Julee Cruise, "It's The End Of The World As We Know It (And I Feel Fine)"





I have been trying all morning to figure out what I should do about a Gallop poll showing nearly half of Americans surveyed believe "God created human beings pretty much in their present form at one time within the last 10,000 years or so." More than half of the remaining half believe in God-guided evolution; I suppose they've seen 2001. I don't particularly care on that score--evolution without magic sky people, evolution with magic sky people, at least there's a large segment of the population who apparently have some notion of time scale and descent through common ancestry.

But nearly half of the Americans Gallop surveyed think the human species is less than 10,000 years old. Even if you quibble over the lousiness of the question--and I think it's pretty lousy, the way the question is phrased to start with--what the study is really showing more than how many people believe in Young Earth Creationism YEC) is how many Americans just have a basic ignorance of science.
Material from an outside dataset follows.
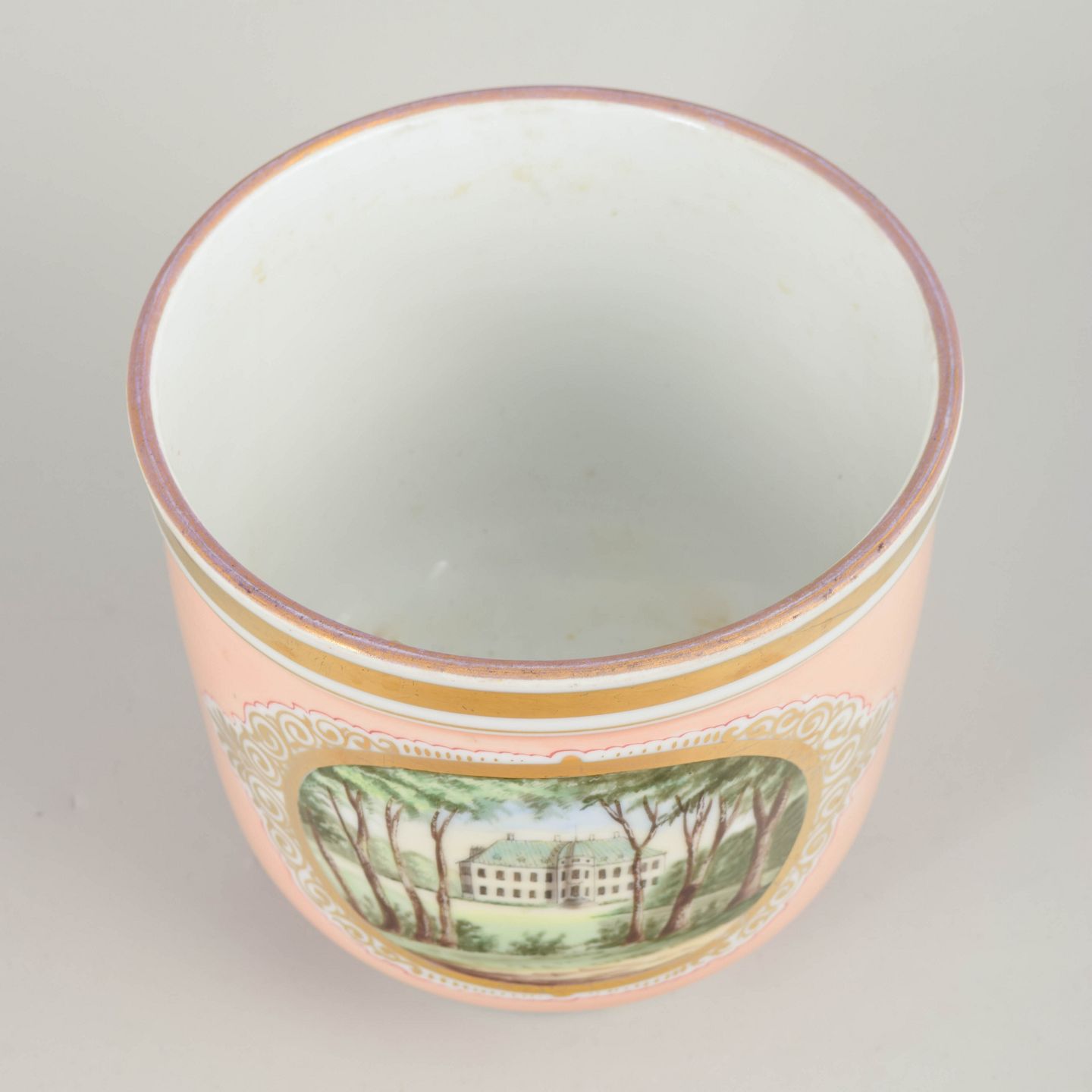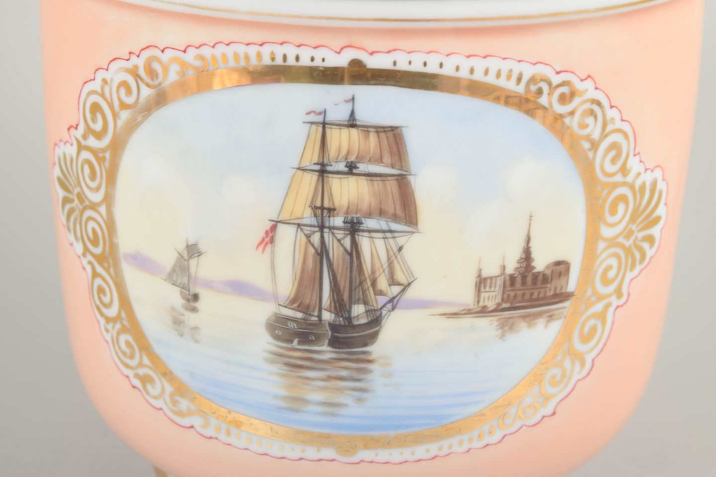 Dansk vase med motiv af Bernstorff Slot og Kronborg slot, håndmalet.Rund, let konisk vase i porcelæn med opaliserende rosa bundfarve og håndmalet prospekt af Bernstorff Slot og Kronborg slot i parklandskab med høje træer i forgrunden, indrammet af et ornamenteret felt og forgyldt bort langs randen. Klassicistisk inspireret form med lav fodring. Motivet er udført i bløde grønne og jordfarver med let idealiseret arkitektonisk gengivelse.

I realize those things overlap; but the thing is, someone could pick the "10,000 years" answer and not really even be a YECer, merely ignorant (e.g. some doofus might think the Earth is trillions and trillions of years old but God only got around to creating humans of whole cloth 3.6 million days ago give-or-take.

It isn't just the YECers fault. Partly, yeah. But we also just do a shitty job funding schools and providing for science education all around, y'know; someone could have picked the 10k option as a blind guess, for all we know, because they had shit for biology classes. And there's that whole endemic cultural thing we have going in America, where we mistrust elites--including scientists and educators and anyone who seems too nerdy; anyone can be an expert if they read enough books, so how dare you act like you're smarter than I am about climate, vaccinations or fossils? And a lot of that cultural mistrust, which goes back to the earliest days of the Republic when every gentleman or aspiring gentleman was a dilettante naturalist/general/statesman/philosopher/farmer/economist, has been amplified in the past twenty or thirty years by the political and media classes in various ways; the political classes love exploiting American paranoia, the media classes make their money by throwing fuel on it.

I get to wondering whether the Romans knew they were in decline. Or there's the Chinese example: the Qing just stuck their fingers in their ears and closed their eyes and made "Nuh" noises for their last hundred years until it was too late; they took a few half-assed stabs at reform and were washed beneath thirty years of civil wars, warlordism and foreign occupation until Maoism looked just swell (to be fair, up until the Cultural Revolution, I'm not sure it wasn't, but that's another topic). Did any of these civilizations that got too dumb, too complacent, too reliant on their military strength to keep getting them out of jams even while they were rotting from within, did any of them ever have any clue the tires were getting wobbly and were about to blow off just past the fail-safe point just around Dead Man's Curve?

I keep thinking about a line from Blade Runner, you know? Roy tells Pris they're on their own and Pris says--

Then we're stupid and we'll die.


--which sounds like an unfortunate summary of the status of American civilization right now. We are stupid, yeah. I think it's going to kill us.